You heard it on the radio. You read it online. You saw it on the nightly news. We were even inundated with those late-night infomercials or “junk-mail” packets that detailed the benefits of those funky “collector coins” (including some that were “individually hand painted,” no less!).

Gold was going to $2,500, $5,000 or even $10,000. And only fools weren’t in gold – or so they claimed.

But when gold prices stopped running, so did Wall Street’s aggressive forecasts. In fact, we’ve basically seen an about-face – as if the Big Boys are now low-balling their gold price forecasts.

Don’t get suckered.

If you buy what Wall Street is selling right now, you’ll lose in a big way – twice. You’ll miss out on the major profits that will come when gold prices run up to their inevitable new highs. And – perhaps even worse – you’ll get left behind and find your buying power eroded in a big way when the inevitable harsh inflationary pressures ultimately take hold.

The Truth About the U.S. Economy – and Inflation

Here at Money Morning, we deal in facts and analysis, not empty promises and hype. We bring you the news that explains what’s happening and why, and that tells you what our experts believe will occur – and then we show you how to profit from the opportunities and protect yourselves from the dangers. And – thanks to our worldwide group of experts, many of whom are Wall Street veterans themselves – we can bring you insights no one else can.

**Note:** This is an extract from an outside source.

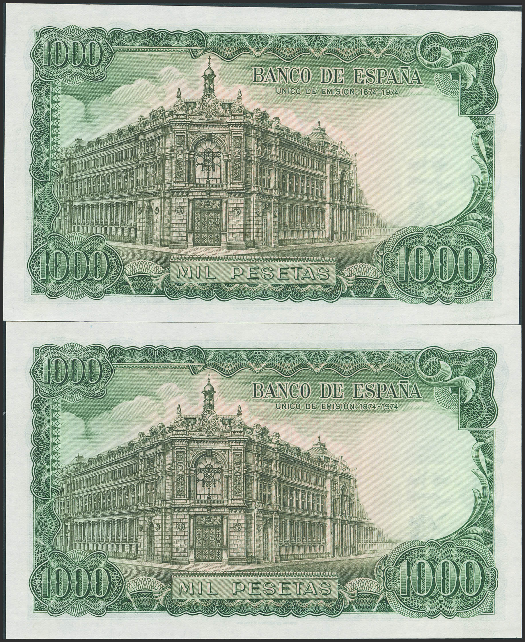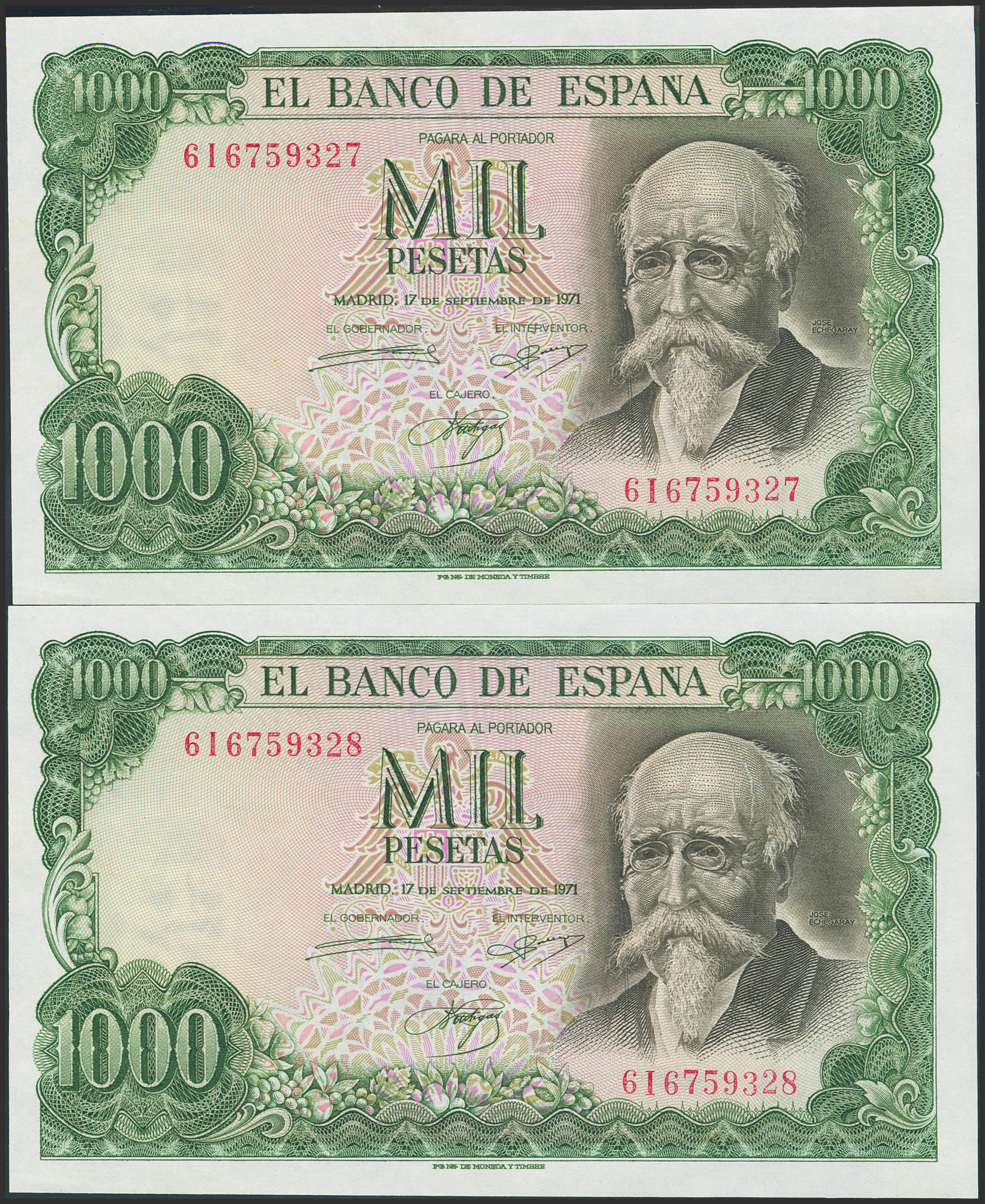 1000 Pesetas. 17 de Septiembre de 1971. Pareja correlativa. Serie 6I. (Edifil 2021: 474c). Conserva todo su apresto original. SC--.

So what do we see for inflation, one of the most-complicated, most-debated and most-controversial topics before us today?

It’s going to get worse – much worse.

The most-recent figures initially appeared to be benign – because oil prices fell – but if you look below the surface it’s clear that inflation has really taken hold: For instance, producer prices were up 7.2% on the previous year. Another new report that came out late last week said that a key measure of consumer-price inflation posted its biggest increase in nearly three years in May.

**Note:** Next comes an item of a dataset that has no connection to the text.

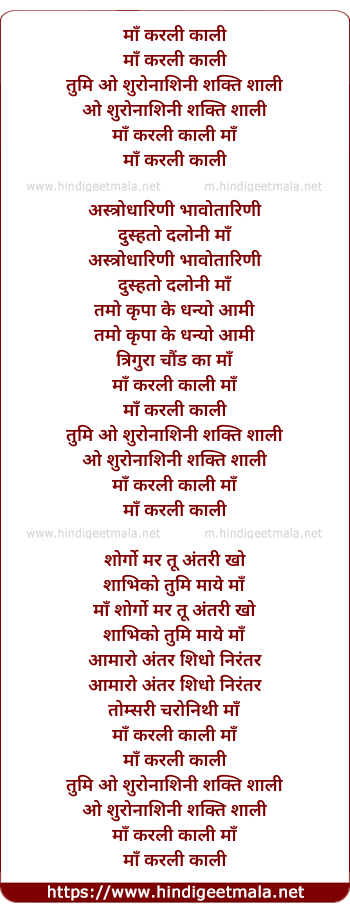 Lyrics of Maa Korali Kali - माँ करली काली

But there’s a second part to the inflationary saga. You see, another report said that a gauge of regional factory activity actually contracted in June.

In other words, inflation is accelerating – even as the U.S. economy brakes toward a double-dip downturn.

That’s not just a recipe for “stagflation” – the odious combination of rising prices and falling output that we haven’t seen since the 1970s – it’s a surefire catalyst for higher gold prices.

As I’m sure this week’s meeting of central bank policymakers will underscore, U.S. Federal Reserve Chairman Ben S. Bernanke won’t be raising rates anytime soon. Because the gap between interest rates and inflation will continue to get larger, U.S. monetary policy will become more and more inflationary.

With nothing to arrest them, inflationary pressures are going to get a lot worse – and pretty quickly, too.

The inflationary spike – and the decline in the U.S. dollar that accompanies an economic slowdown – will prompt investors to scurry (and eventually stampede) into gold.

In short, we’re watching the clouds gather into a “perfect storm” that will cause gold prices to soar.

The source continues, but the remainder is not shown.